I've now spent a good few hours looking through the WebGLContext code, since this is what we see in the backtrace above. There's definitely something in the idea that we should be using this instead of GLContext. But WebGLContext isn't inheriting anything from GLContext and their interfaces look quite different to me. It certainly isn't the case that one would be a drop-in replacement for the other. Quite the contrary in fact. While switching to use WebGLContext might be a better solution in the long-term, I've convinced myself (again) that this isn't what we need right now.

So I'm going back to my original plan, but now we're going in the opposite direction.

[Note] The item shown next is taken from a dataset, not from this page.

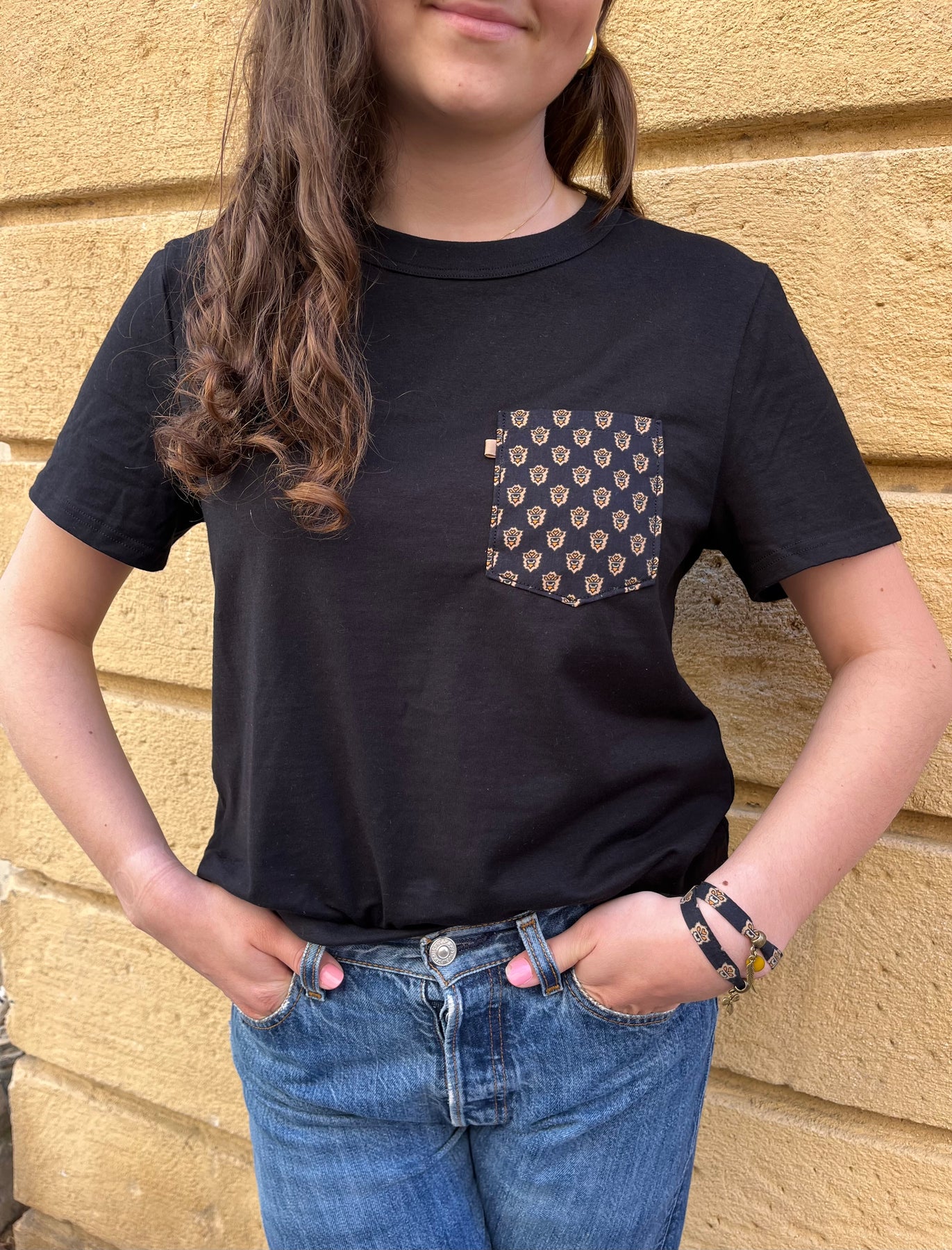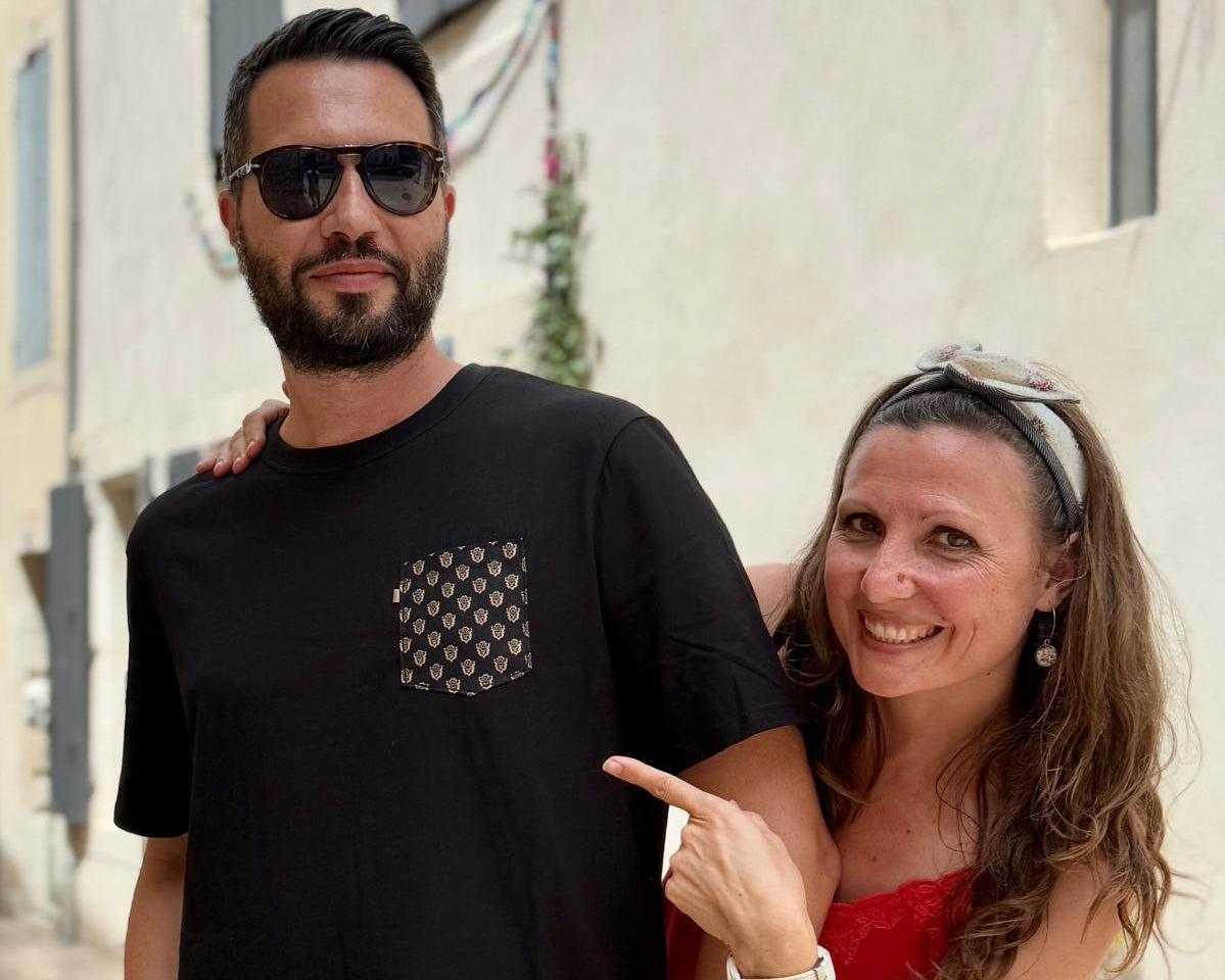 T-shirt fabriqué en France poche poitrine en tissu provençal. Coton bio. T-shirt origine France garantie.

Rather than removing code I'll now start to reintroduce code. In particular, the one thing I'm convinced that we can't do without is the GLScreenBuffer object, as encapsulated in the GLContext::mScreen member variable.

So I'm adding this class back in. Thankfully git makes this a very easy process:
$ git checkout gfx/gl/GLScreenBuffer.cpp
$ git checkout gfx/gl/GLScreenBuffer.h
This is the minimal change I think is needed to get the WebView working again. I'm building from a base where WebGL is working. So I feel like I'm back on track again.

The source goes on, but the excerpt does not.